Towards minimal bibliographic managment software
As a command-line junky, I find most bibliographic managment software (such as mendeley) too bloated. All I want such software to be capable of is
- to add a new entry to my bibliography (bibtex), and
- search through the articles.
Here’s my minimal approach to implementing these two features:
1. Bibtex
Crossref provides a simple solution to obtain the bibtex entry based on the doi number. To get the bibtex entry for the article with say, doi number 10.1901/jaba.1974.7-497a, simply issue the command
>> curl -LH "Accept: text/bibliography; style=bibtex" "http://dx.doi.org/10.1901/jaba.1974.7-497a"

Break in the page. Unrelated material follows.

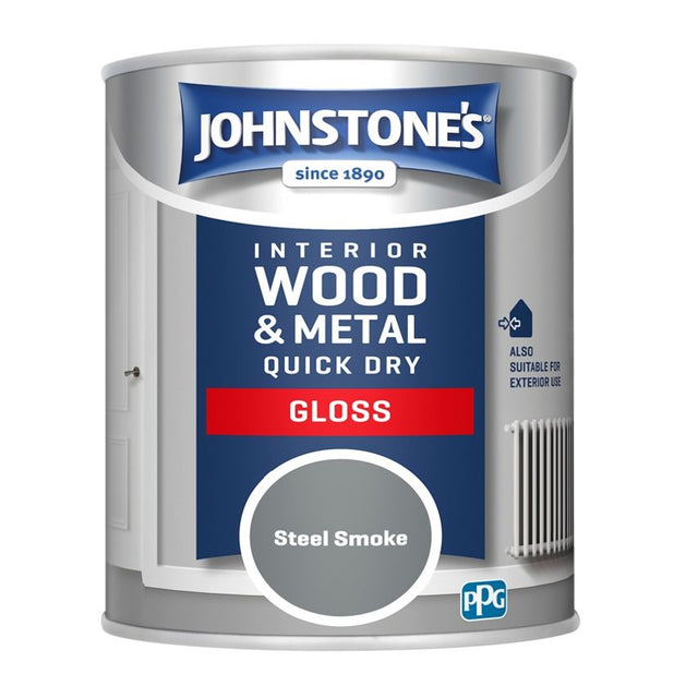 Johnstone's Quick Dry Gloss 750ml Steel Smoke Johnstones Quick Dry Gloss is a high opacity gloss paint for interior and exterior wood and metal surfaces, including skirting boards, doors, radiators and staircases. Low odour, water based formulation. Dry time: 1-2 hours Coverage: 8m2 (per tin) .

@article{Upper_1974, title={The unsuccessful self-treatment of a case of “writer’s block”1}, volume={7}, url={http://dx.doi.org/10.1901/jaba.1974.7-497a}, DOI={10.1901/jaba.1974.7-497a}, number={3}, journal={Journal of Applied Behavior Analysis}, publisher={Society for the Experimental Analysis of Behavior}, author={Upper, Dennis}, year={1974}, pages={497-497}}
To make the output look nice, we apply some sed magic:
>> curl -LH "Accept: text/bibliography; style=bibtex" "http://dx.doi.org/10.1901/jaba.1974.7-497a" | sed "s/, /,\n/;s/},/},\n/g;s/\(.*\)}}/\1}\n}\n/"
@article{Upper_1974,
title={The unsuccessful self-treatment of a case of “writer’s block”1},
volume={7},
url={http://dx.doi.org/10.1901/jaba.1974.7-497a},
DOI={10.1901/jaba.1974.7-497a},
number={3},
journal={Journal of Applied Behavior Analysis},
publisher={Society for the Experimental Analysis of Behavior},
author={Upper, Dennis},
year={1974},
pages={497-497}
}
The above output can be piped to a separate file. I created a separate directory in my articles
directory, called .txtfiles
. For each file article.pdf
, there is a corresponding .txtfiles/article.pdf.txt
in this directory. These txt-files contain the bibtex information generated above, and the output produced during the next section.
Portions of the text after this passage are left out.